There is an approach that applies 'inverse trigonometric functions.'
Let's say that A + B + C = π.
Given: A + B + C = π,
We can conclude: A/2 + B/2 + C/2 = π/2
Now let's say that A/2 = tan⁻¹x, B/2 = tan⁻¹y, and C/2 = tan⁻¹z.
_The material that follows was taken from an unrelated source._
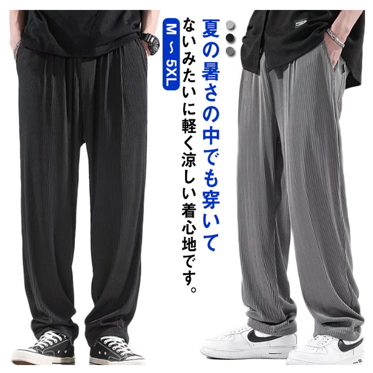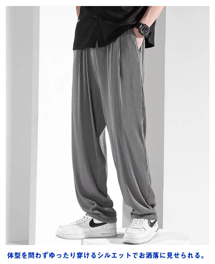 冷感サラサラ ワイドパンツ メンズ 接触冷感 速乾 ダンス ストレッチパンツ ボトムス 大きいサイズ アイスシルク ズボン アイスシルクパンツ アイスシルクロングパンツ メンズ 送料無料

We can conclude: tan⁻¹x + tan⁻¹y + tan⁻¹z = π/2
If we simplify the equation 'tan⁻¹x + tan⁻¹y + tan⁻¹z = π/2' we should receive the equation 'tan⁻¹x + tan⁻¹y = cot⁻¹z.' This is as 'tan⁻¹z + cot⁻¹z = π/2.' Further simplification would be as follows,
[tex]\mathrm{tan^{-1}\left(\frac{x+y}{1-xy}\right)=\:cot^{-1}z,}\\\mathrm{cot^{-1}\left(\frac{1-xy}{x+y}\right)=\:cot^{-1}z,}\\\mathrm{\left(\frac{1-xy}{x+y}\right)=\:z,}\\\mathrm{\left(\frac{1}{xyz}\right)=\frac{1}{z}+\frac{1}{x}+\frac{1}{y}\:}[/tex]
Therefore, if we substitute our assigned values back, cotA/2 [tex]*[/tex] cot B/2 [tex]*[/tex] cot C/2 = cot A/2 + cot B/2 + cot C/2. Hence proved.